▶ Exercise prompt
In your copy of the data, omit the pictures and keep all else exactly as given.

▶ Data excerpt
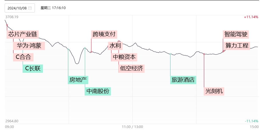 财联社10月9日电,市场大幅高开回落后再度走高,创业板指续创历史单日最大涨幅。沪深两市全天成交额3.45万亿元,较节前放量8589亿,续创历史天量。整体上个股涨多跌少,全市场超5000只个股上涨。1)国庆假期之际,投资者开户热情高涨,有券商日均开户申请量较往日提高4倍,客户咨询量倍增。A股券商股全线实现连板晋级,其中东方财富走出20CM3连板并再创超330亿元的成交天量。金融科技方向表现更为坚挺,银之杰和恒银科技两只人气龙头仍维持缩量一字涨停。2)鸿蒙概念持续站上风口,人气龙常山北明全天缩量一字涨停,润和软件、诚迈科技、软通动力三只行业龙头实现连板晋级。3)国庆长假4个交易日,港股半导体板块迎来大涨,中芯国际累涨近60%,芯片股迎来爆发,并购半导体资产的双成药业走出13连板,中芯国际等200多家个股涨停。4)北京市经济和信息化局等四部门印发《北京市促进低空经济产业高质量发展行动方案(2024—2027年)》,除北上广深,以及成都、苏州等新一线城市持续布局,目前二三线城市正加速入局eVTOL。低空经济概念盘中表现不俗,深城交、莱斯信息、安达维尔、新城市等多股涨停。
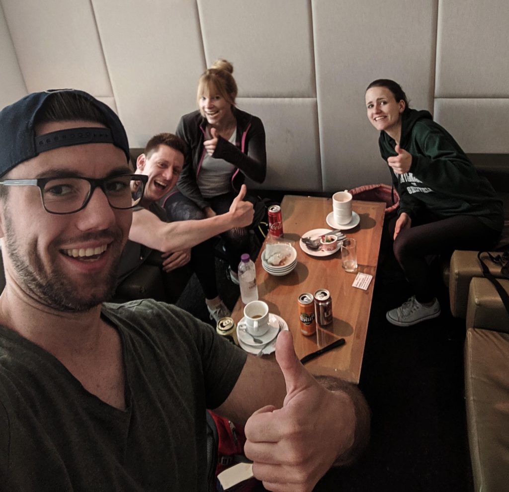 Etwas entspannter – wir konnten an der Situation ja nichts mehr ändern – suchten wir den nächsten Lufthansa-Serviceschalter auf. Wir bekamen eine Umbuchung über Bangkok nach Kuala Lumpur mit ThaiAirways. Boarding time sollte 14:05 sein. Wir verbrachten die nächsten knapp zwei Stunden damit unsere Leidensgenossen Anka und Florian näher kennen zu lernen und tauschten uns über unsere strapaziöse Anreise aus. Das Boarding verlief dieses Mal reibungslos. Der Flieger war etwas größer, das Personal etwas asiatischer. Schon bald hörten wir das Kommando des Kapitäns für das Boardpersonal, dass sie sich bereit zum Losrollen machen sollen. Es passierte nur nichts. Was war los? Schon bald darauf die Durchsage des Kapitäns: „Auf Grund von Unwetter und Gewittern ist der gesamte Frankfurter Flughafen auf unbestimmte Zeit gesperrt“. Ernsthaft? Sind wir bei der versteckten Kamera? Vor lauter Unglaube mussten wir erstmal Lachen. Um das Ganze abzukürzen: Wir warteten drei Stunden bis zum Abflug. Tamara bekam zu alle dem auf halber Strecke nach Bangkok noch eine Bierdusche von einer Stewardess.
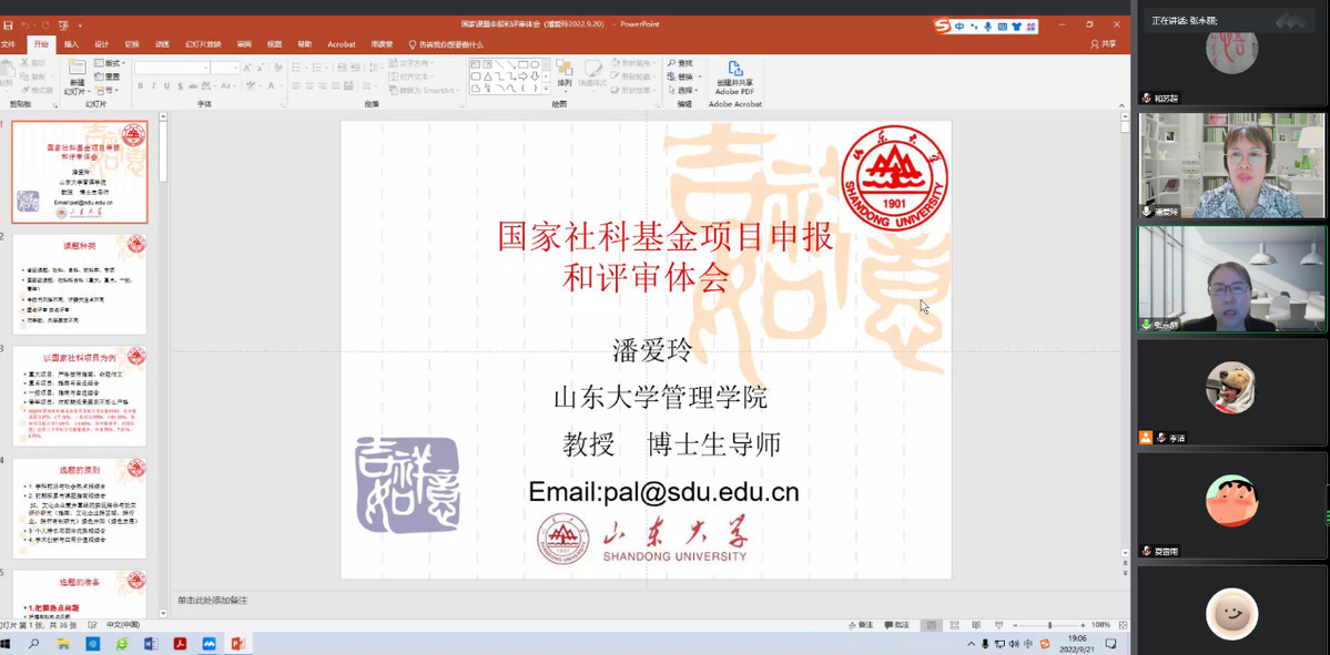 2022年9月22日,应威廉体育williamhill商公司邀请,山东大学二级教授、博士生导师潘爱玲为公司教师在线作题为《国家社科基金项目申报和评审体会》的学术报告。报告由张永丽老师主持,公司领导、专任教师及部分研究生共100余人在线聆听了报告。此次报告为威廉体育williamhill120年双甲子校庆、威廉体育williamhill商公司10周年院庆、博雅讲堂系列学术活动。

▶ Answer for this exercise
 财联社10月9日电,市场大幅高开回落后再度走高,创业板指续创历史单日最大涨幅。沪深两市全天成交额3.45万亿元,较节前放量8589亿,续创历史天量。整体上个股涨多跌少,全市场超5000只个股上涨。1)国庆假期之际,投资者开户热情高涨,有券商日均开户申请量较往日提高4倍,客户咨询量倍增。A股券商股全线实现连板晋级,其中东方财富走出20CM3连板并再创超330亿元的成交天量。金融科技方向表现更为坚挺,银之杰和恒银科技两只人气龙头仍维持缩量一字涨停。2)鸿蒙概念持续站上风口,人气龙常山北明全天缩量一字涨停,润和软件、诚迈科技、软通动力三只行业龙头实现连板晋级。3)国庆长假4个交易日,港股半导体板块迎来大涨,中芯国际累涨近60%,芯片股迎来爆发,并购半导体资产的双成药业走出13连板,中芯国际等200多家个股涨停。4)北京市经济和信息化局等四部门印发《北京市促进低空经济产业高质量发展行动方案(2024—2027年)》,除北上广深,以及成都、苏州等新一线城市持续布局,目前二三线城市正加速入局eVTOL。低空经济概念盘中表现不俗,深城交、莱斯信息、安达维尔、新城市等多股涨停。
 Etwas entspannter – wir konnten an der Situation ja nichts mehr ändern – suchten wir den nächsten Lufthansa-Serviceschalter auf. Wir bekamen eine Umbuchung über Bangkok nach Kuala Lumpur mit ThaiAirways. Boarding time sollte 14:05 sein. Wir verbrachten die nächsten knapp zwei Stunden damit unsere Leidensgenossen Anka und Florian näher kennen zu lernen und tauschten uns über unsere strapaziöse Anreise aus. Das Boarding verlief dieses Mal reibungslos. Der Flieger war etwas größer, das Personal etwas asiatischer. Schon bald hörten wir das Kommando des Kapitäns für das Boardpersonal, dass sie sich bereit zum Losrollen machen sollen. Es passierte nur nichts. Was war los? Schon bald darauf die Durchsage des Kapitäns: „Auf Grund von Unwetter und Gewittern ist der gesamte Frankfurter Flughafen auf unbestimmte Zeit gesperrt“. Ernsthaft? Sind wir bei der versteckten Kamera? Vor lauter Unglaube mussten wir erstmal Lachen. Um das Ganze abzukürzen: Wir warteten drei Stunden bis zum Abflug. Tamara bekam zu alle dem auf halber Strecke nach Bangkok noch eine Bierdusche von einer Stewardess.
 2022年9月22日,应威廉体育williamhill商公司邀请,山东大学二级教授、博士生导师潘爱玲为公司教师在线作题为《国家社科基金项目申报和评审体会》的学术报告。报告由张永丽老师主持,公司领导、专任教师及部分研究生共100余人在线聆听了报告。此次报告为威廉体育williamhill120年双甲子校庆、威廉体育williamhill商公司10周年院庆、博雅讲堂系列学术活动。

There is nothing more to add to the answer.